> _ASSIGNMENT_: Would you quote every entry exactly, dropping only the pictures?

Records excerpted from a collection
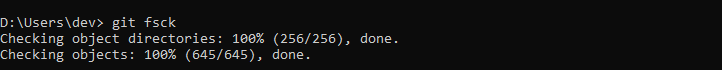 The git fsck command is only used to check the connectivity and validity of the object database (.git/objects directory).
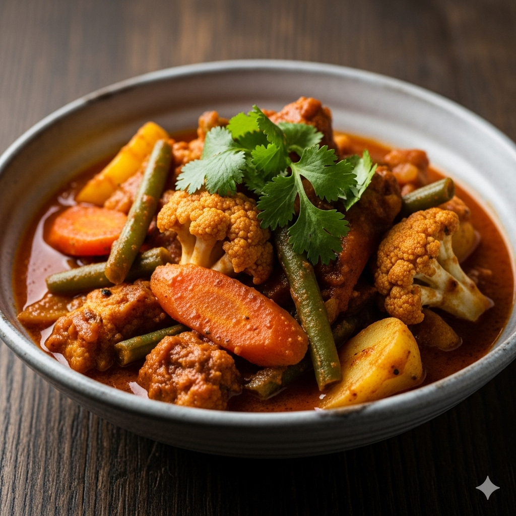 Un surtido de verduras frescas cocidas en una mezcla de especias
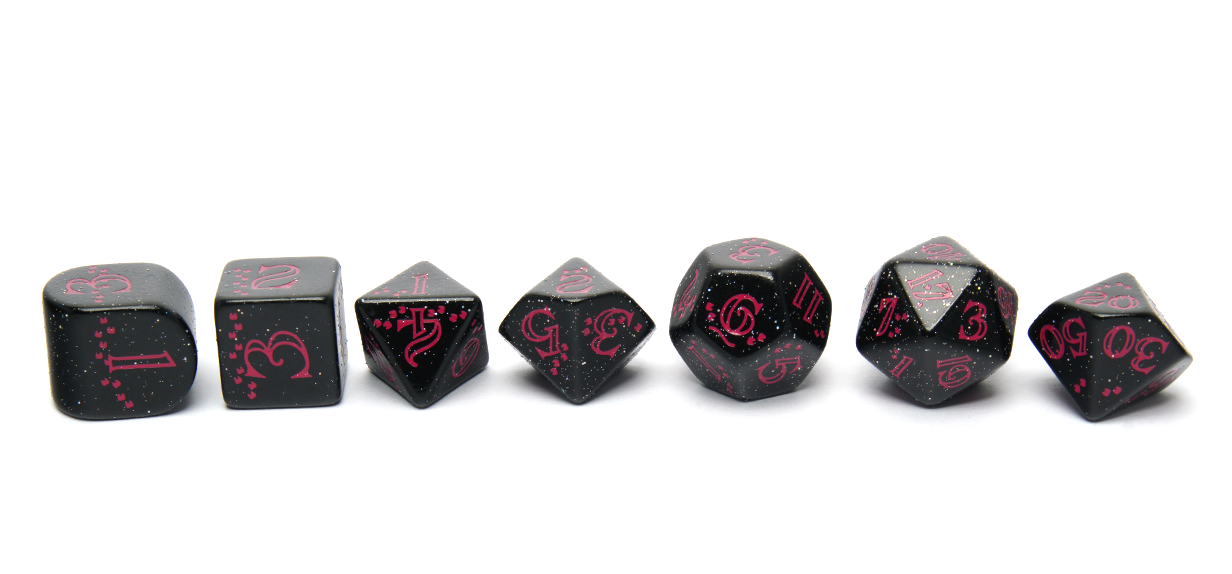 • Full Polyset: D4, D6, D8, D10, D12, D20, D%.
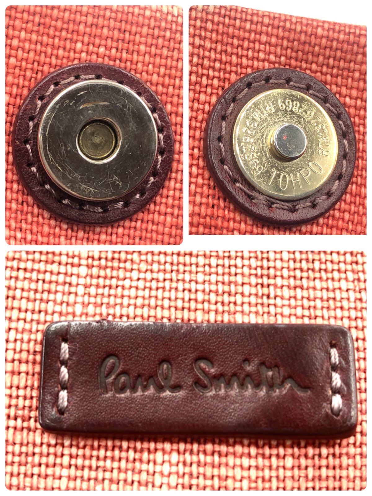 ■極美品■Paul Smith ポールスミス ワンショルダーバッグ トートバッグ ロゴプレート サーモンピンク×ブラウン キャンバス×レザー ゴールド金具
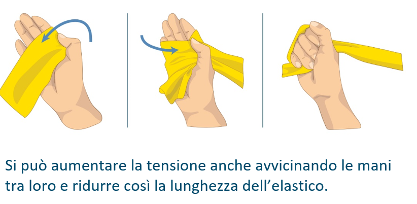 Afferri saldamente l’elastico oppure lo arrotoli intorno alla mano o al piede per impedirne l’allentamento ed evitare di incorrere in lesioni. Esegua gli esercizi in modo lento e controllato, evitando che l’elastico rimbalzi.
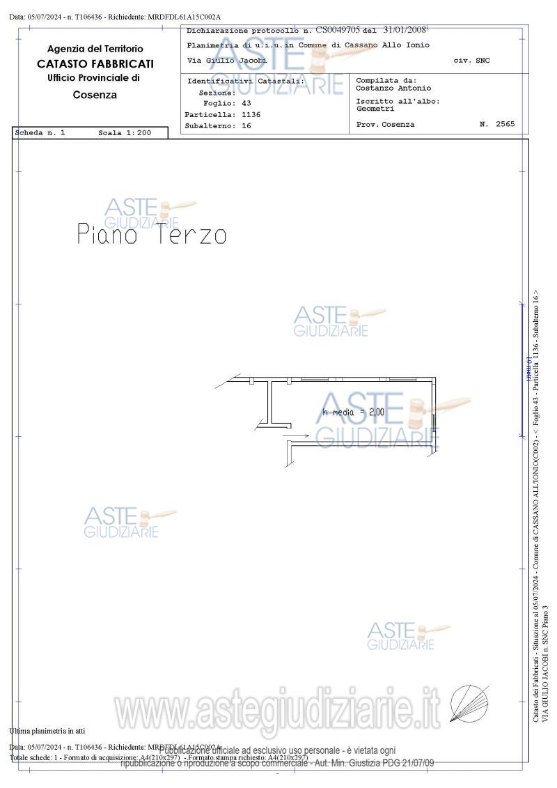 Vendita all'asta Senza incanto, con gara telematica sincrona - LOTTO 8: (costituito dal Lotto n. 8 e dal Lotto n. 12) appartamento posto al primo piano e locale sottotetto non abitabile posto al terzo piano di un fabbricato a tre piani fuori terra oltre sottotetto mansardato, ubicato alla via Giulio Jacobi della frazione Sibari del comune di Cassano All'Ionio. Prezzo base € 30.211,53 (offerta minima € 22.658,65). Data vendita 18/05/2026 ore 16:00. Giudice Giuliana Gaudiano. Professionista delegato alla vendita Dott. Gianluca Tudda - Email "gianlucatudda@libero.it". Custode Giudiziario Dott. Gianluca Tudda - Email "gianlucatudda@libero.it". Rif. Tribunale di Castrovillari - Espropriazione immobiliare (cartabia) n. 50/2024
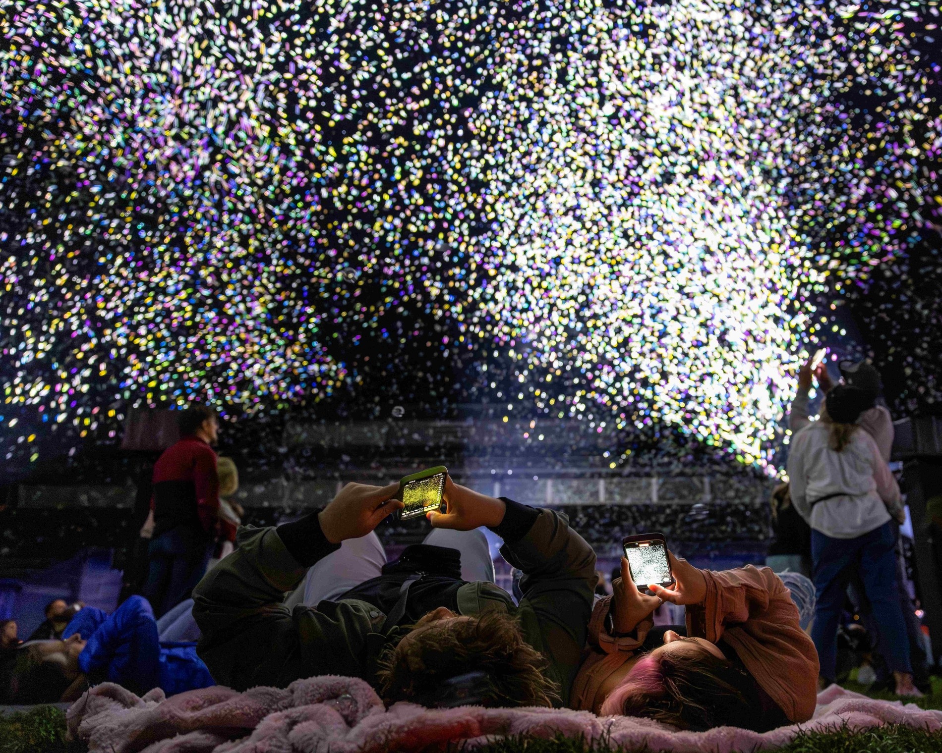 Jenže právě do toho vstupuje ono okřídlené: „Ach, ano.“ Všichni víme a v zásadě souhlasíme na tom, co je na ohňostrojích v nepořádku. Ale co naplat, ono je to pořád krásné. Lákavé, svůdné a opojné na pohled. Ta magie barevných světel a jisker v noci má kouzlo. Foto: Daan Roosegaarde
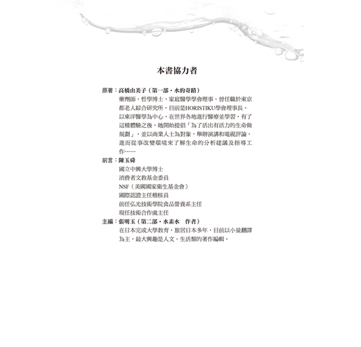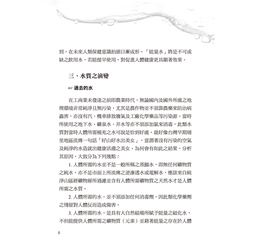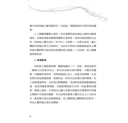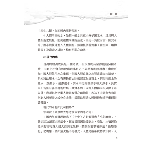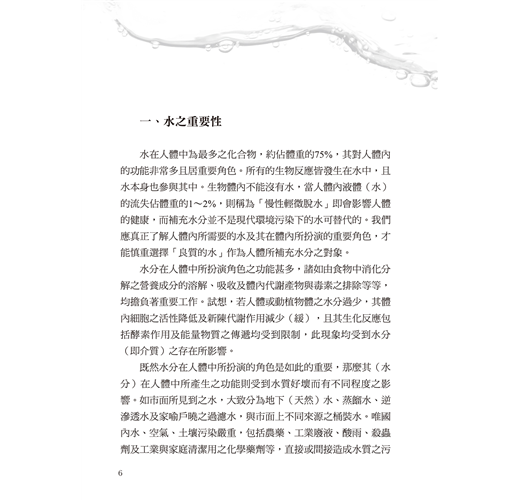 如此重要的水,其水質之優劣對人體之影響更不在話下,值得我們去重視。
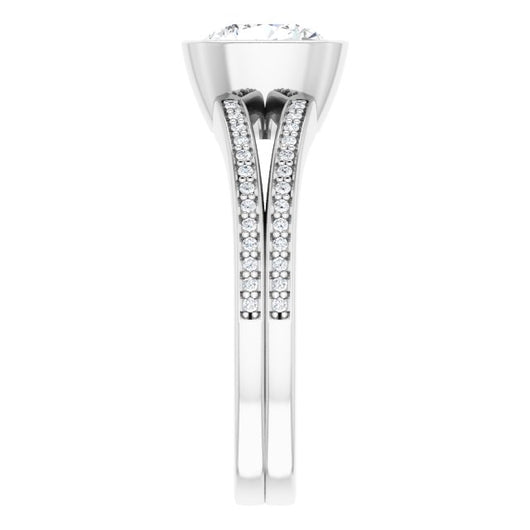 10K White Gold Customizable Bezel-set Cushion Cut Design with Split Shared Prong Band
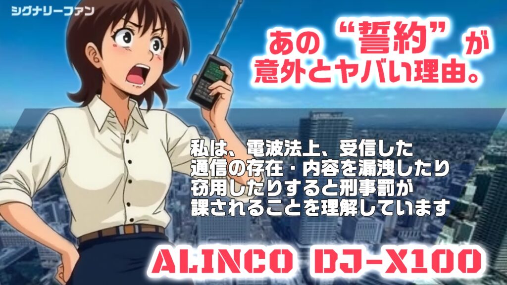 広帯域受信機 DJ-X100(受信改造済み)では電源投入後に『誓約』画面が表示される意味とは 無線の受信に関しては、国によって適用される法律は異なります。とはいえ、多くの国で「受信」と「送信」では、法的な扱いが大きく異なっているのが一般的です。特に日本でのアマチュア無線については、資格や免許がない状態での運用は完全に違法とされていま... 2025.09.05 広帯域受信機
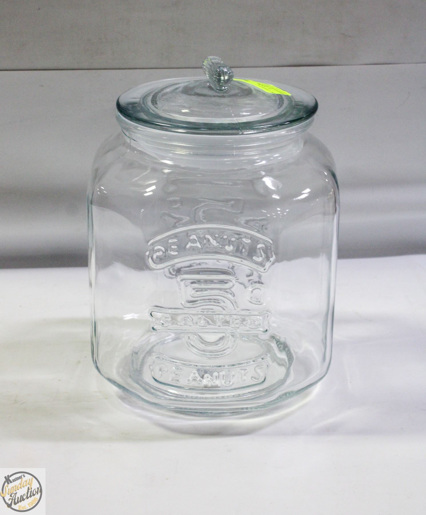 LARGE STORE DISPLAY GLASS PEANUT JAR LIDDED

> _TASK OUTPUT_:
 The git fsck command is only used to check the connectivity and validity of the object database (.git/objects directory).
 Un surtido de verduras frescas cocidas en una mezcla de especias
 • Full Polyset: D4, D6, D8, D10, D12, D20, D%.
 ■極美品■Paul Smith ポールスミス ワンショルダーバッグ トートバッグ ロゴプレート サーモンピンク×ブラウン キャンバス×レザー ゴールド金具
 Afferri saldamente l’elastico oppure lo arrotoli intorno alla mano o al piede per impedirne l’allentamento ed evitare di incorrere in lesioni. Esegua gli esercizi in modo lento e controllato, evitando che l’elastico rimbalzi.
 Vendita all'asta Senza incanto, con gara telematica sincrona - LOTTO 8: (costituito dal Lotto n. 8 e dal Lotto n. 12) appartamento posto al primo piano e locale sottotetto non abitabile posto al terzo piano di un fabbricato a tre piani fuori terra oltre sottotetto mansardato, ubicato alla via Giulio Jacobi della frazione Sibari del comune di Cassano All'Ionio. Prezzo base € 30.211,53 (offerta minima € 22.658,65). Data vendita 18/05/2026 ore 16:00. Giudice Giuliana Gaudiano. Professionista delegato alla vendita Dott. Gianluca Tudda - Email "gianlucatudda@libero.it". Custode Giudiziario Dott. Gianluca Tudda - Email "gianlucatudda@libero.it". Rif. Tribunale di Castrovillari - Espropriazione immobiliare (cartabia) n. 50/2024
 Jenže právě do toho vstupuje ono okřídlené: „Ach, ano.“ Všichni víme a v zásadě souhlasíme na tom, co je na ohňostrojích v nepořádku. Ale co naplat, ono je to pořád krásné. Lákavé, svůdné a opojné na pohled. Ta magie barevných světel a jisker v noci má kouzlo. Foto: Daan Roosegaarde
 如此重要的水,其水質之優劣對人體之影響更不在話下,值得我們去重視。
 10K White Gold Customizable Bezel-set Cushion Cut Design with Split Shared Prong Band
 広帯域受信機 DJ-X100(受信改造済み)では電源投入後に『誓約』画面が表示される意味とは 無線の受信に関しては、国によって適用される法律は異なります。とはいえ、多くの国で「受信」と「送信」では、法的な扱いが大きく異なっているのが一般的です。特に日本でのアマチュア無線については、資格や免許がない状態での運用は完全に違法とされていま... 2025.09.05 広帯域受信機
 LARGE STORE DISPLAY GLASS PEANUT JAR LIDDED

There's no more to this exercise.